The recent developments in Armenia’s tax policy are often presented as an “evolution” — a process of introducing modern methods and modernizing the system. However, this process is frequently not accompanied by a strengthening of economic policy and is moving in a dangerous direction, deepening the mismatch between tax administration and the real economy.
Evolution With a Negative Logic
According to former Chairman of the State Revenue Committee Davit Ananyan, tax collection and ensuring budget revenues are ongoing processes with clearly defined tools. However, their effectiveness largely depends on the state of the economic environment.
“Tax collection and ensuring budget revenues are continuous processes that must proceed within the logic of economic development. When the economic environment does not develop sufficiently, but tax collection indicators remain unchanged and assume annual growth, tax administration starts moving in a stricter direction,” Ananyan notes.
He explains that in such a situation, tax authorities are forced to apply harsher mechanisms, regardless of the real economic potential. If political instability is added to this, the use of operational and investigative methods by tax bodies sometimes acquires not only economic but also political overtones.

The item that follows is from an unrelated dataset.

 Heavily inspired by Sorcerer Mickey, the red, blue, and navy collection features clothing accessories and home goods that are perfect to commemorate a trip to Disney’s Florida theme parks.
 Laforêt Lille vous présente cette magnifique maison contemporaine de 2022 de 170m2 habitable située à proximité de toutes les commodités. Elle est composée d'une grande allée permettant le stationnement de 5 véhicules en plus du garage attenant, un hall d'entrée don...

Promises Without Economic Potential
Ananyan compares the economic situation to a family structure:
“The country is like a big family. Leaders have promised that a certain amount of money will be collected, but the family’s real income potential does not reach that level. Nevertheless, they try to fulfill these promises regardless of the actual economic possibilities.”

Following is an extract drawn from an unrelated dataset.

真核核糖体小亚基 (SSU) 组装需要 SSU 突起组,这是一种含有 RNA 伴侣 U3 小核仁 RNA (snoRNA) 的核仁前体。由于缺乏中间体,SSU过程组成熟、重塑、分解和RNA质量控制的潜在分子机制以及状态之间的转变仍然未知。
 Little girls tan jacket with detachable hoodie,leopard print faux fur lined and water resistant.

As a result, a budgetary policy is formed in which indicators are set from the top down, without considering the structural characteristics of the economy and its real growth potential.
Consequently, tax authorities are forced to “collect” the promised amounts not through economic growth, but by tightening administrative measures.
Absence of Economic Policy as a Systemic Root
According to Ananyan, the problem is not limited to the tax sphere — it is deeper and connected to the actual absence of economic policy.
“Look, there is an economy, there is economic policy, and there is its macroeconomic component. Only after that should fiscal and tax policies come into play. This is a logical chain. When real economic policy is not pursued, macroeconomic, fiscal, and monetary policies operate only within their limited frameworks, without systemic connections,” he emphasizes.
The break in this chain leads to tax policy remaining without strategic direction and turning into a purely fiscal tool.
The Primacy of Fiscal Goals
When tax policy is deprived of an economic strategy, it focuses exclusively on ensuring budgetary indicators.
“For example, if fiscal policy has set that a certain percentage of GDP must be collected in taxes, tax authorities begin to implement strict administration to achieve that figure,” says Ananyan.
Within this approach, the following steps are taken: limiting the opportunities of microbusinesses, increasing pressure on those operating under the turnover tax regime, and raising the tax burden in various areas.
According to Ananyan, the recent tax changes are based solely on the pursuit of fiscal goals rather than on stimulating economic growth.
“We have an economic policy that exists only on paper — or does not exist at all. Fiscal policy is limited by its own rules, and tax policy pursues only the goal of ensuring revenue,” he concludes.